(Records from a collection)

....

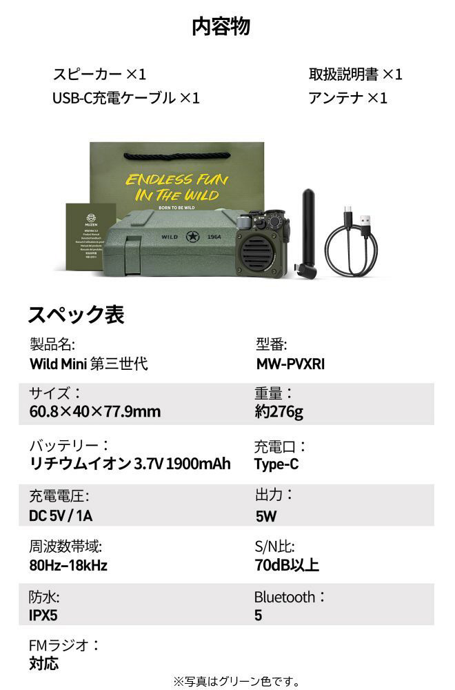 ブルートゥーススピーカー Wild Mini 第3世代 ブラック MW-PVXI3B [防水 /Bluetooth対応]
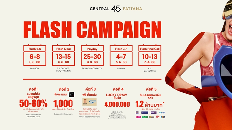 - อัด 5 โปร Flash Deal ดีลเร็วและแรง (6, Mid month, Payday, 7.7 และ Final Call) พร้อมโปรแรง 5 ต่อ* ช้อปและลุ้น อาทิ ช้อป 1,000 รับ The 1 – 1,000 คะแนน, ช้อป 1,000 ฟรีตั๋วหนัง, สมาชิก The 1 กิน-ช้อป ที่ศูนย์การค้าเซ็นทรัล ลุ้น Lucky Draw The 1 – 4,000,000 คะแนน และรับเครดิตเงินคืนกว่า 1.2 ล้านบาท จากบัตรเครดิตที่ร่วมรายการ
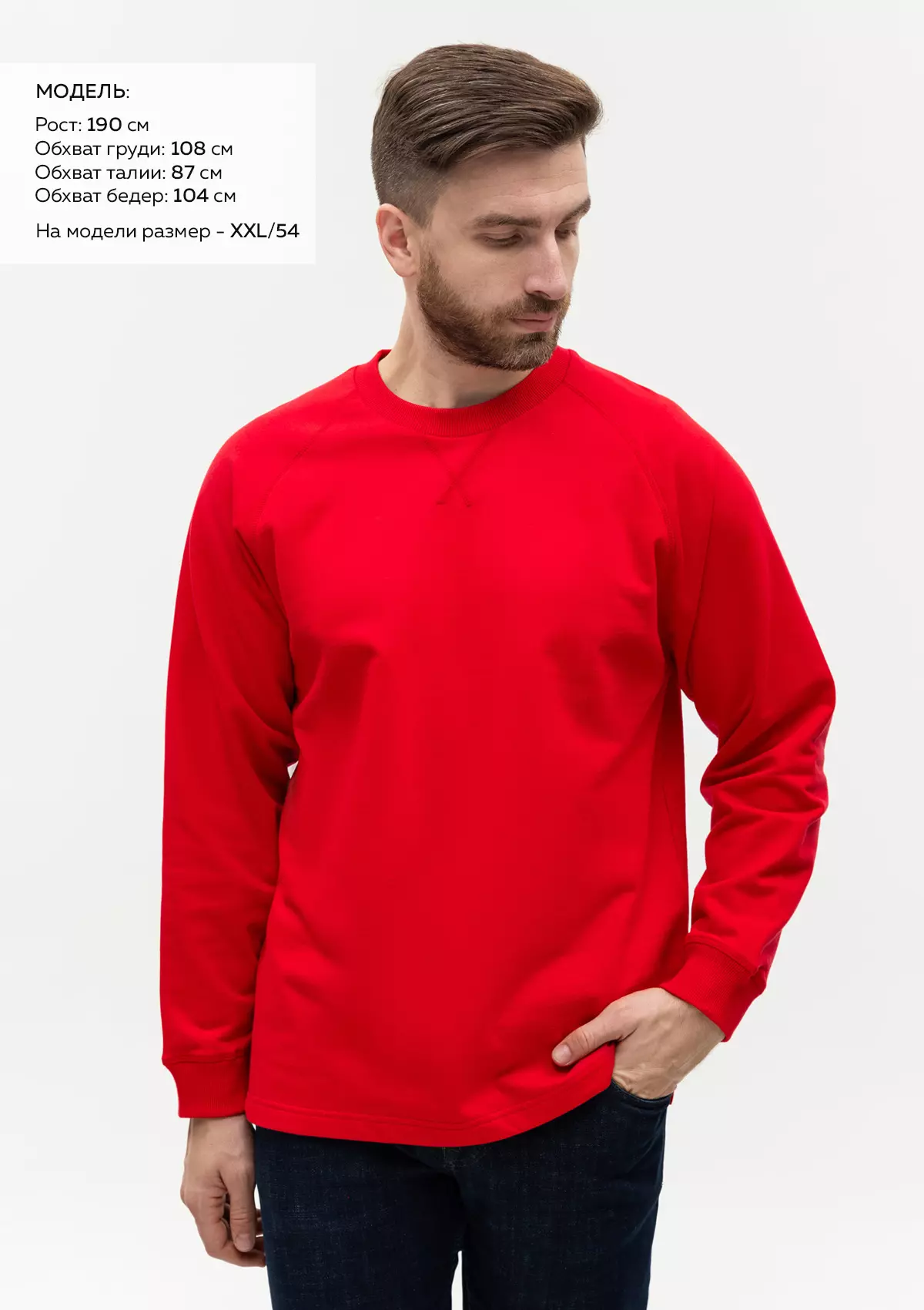 Размер мужского свитшота: XXL/54. Параметры модели: рост 190 см.; обхват груди 108 см.; обхват талии 87 см.; обхват бедер 104 см.
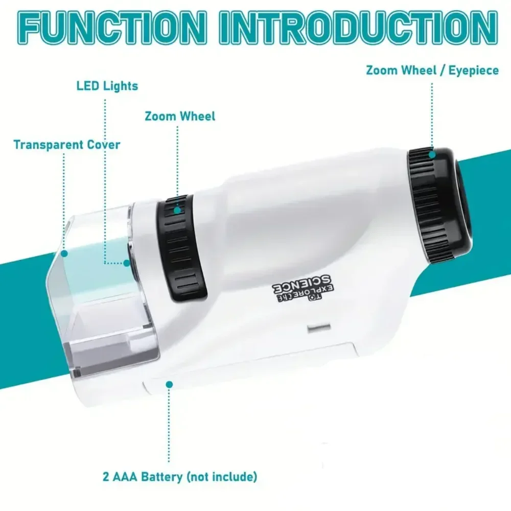 Seu pequeno cientista está pronto para uma grande descoberta? Com o Microscópio de Mão Portátil Infantil, a ciência se torna uma aventura empolgante! 👀✨
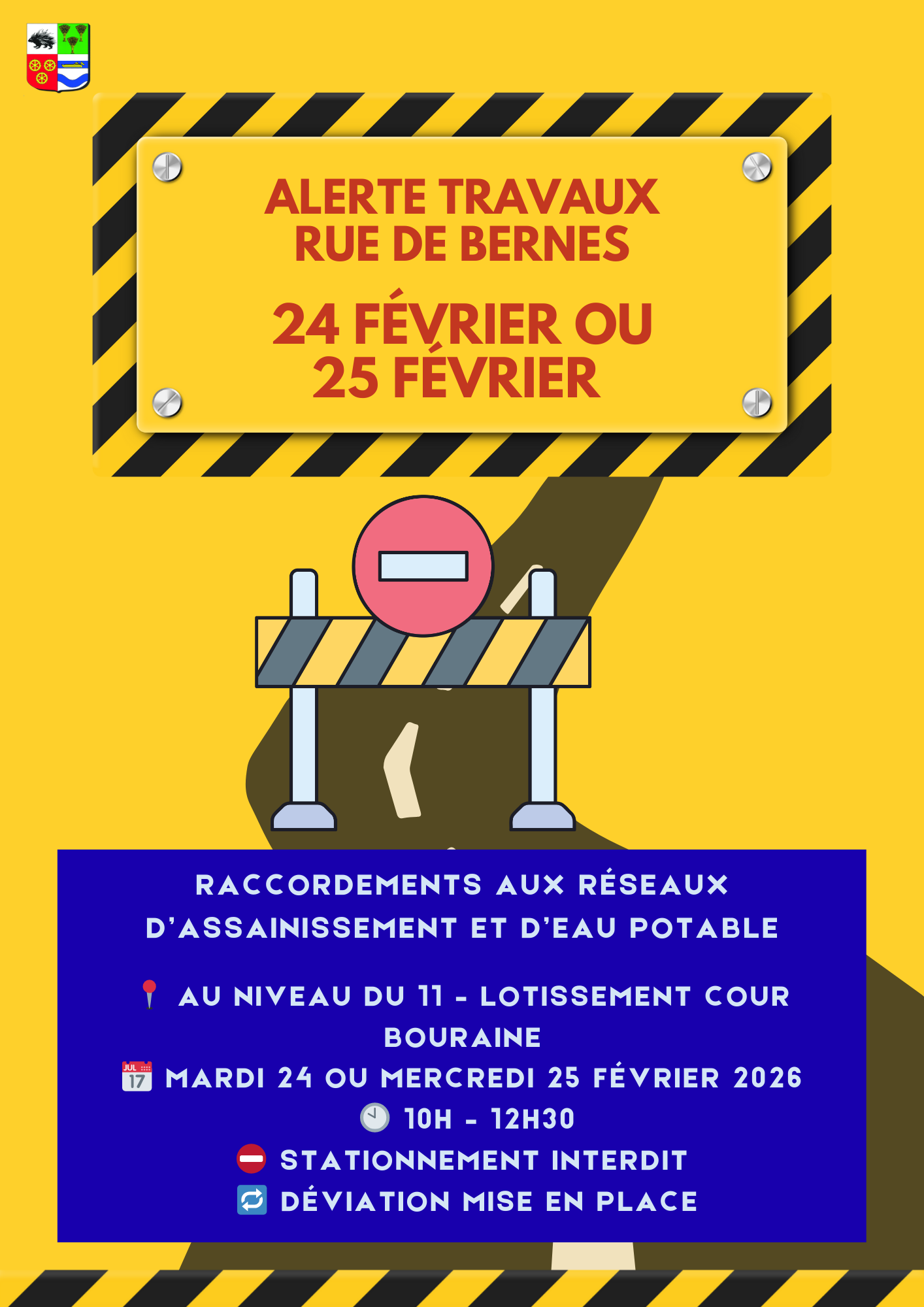 🚧 Travaux rue de Bernes – Circulation perturbée 24 ou 25 février
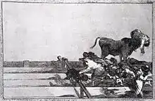 This can be seen in both The Dog from the same series, and his print Unfortunate events in the front seats of the ring of Madrid, and the death of the Mayor of Torrejón, where he left large empty areas. This seems to have been a reaction against contemporary conventions of balance and harmony,[44] and was a precursor to works by modern artists such as Francis Bacon, who greatly admired Goya's depiction of what Bacon described as "the void".[45]

....

• What you will do:
Write out exactly the lines that run from the one containing "ou 25 février" to the last line of the entries above, both ends kept, pictures left out.

• Problem solution:
 🚧 Travaux rue de Bernes – Circulation perturbée 24 ou 25 février
 This can be seen in both The Dog from the same series, and his print Unfortunate events in the front seats of the ring of Madrid, and the death of the Mayor of Torrejón, where he left large empty areas. This seems to have been a reaction against contemporary conventions of balance and harmony,[44] and was a precursor to works by modern artists such as Francis Bacon, who greatly admired Goya's depiction of what Bacon described as "the void".[45]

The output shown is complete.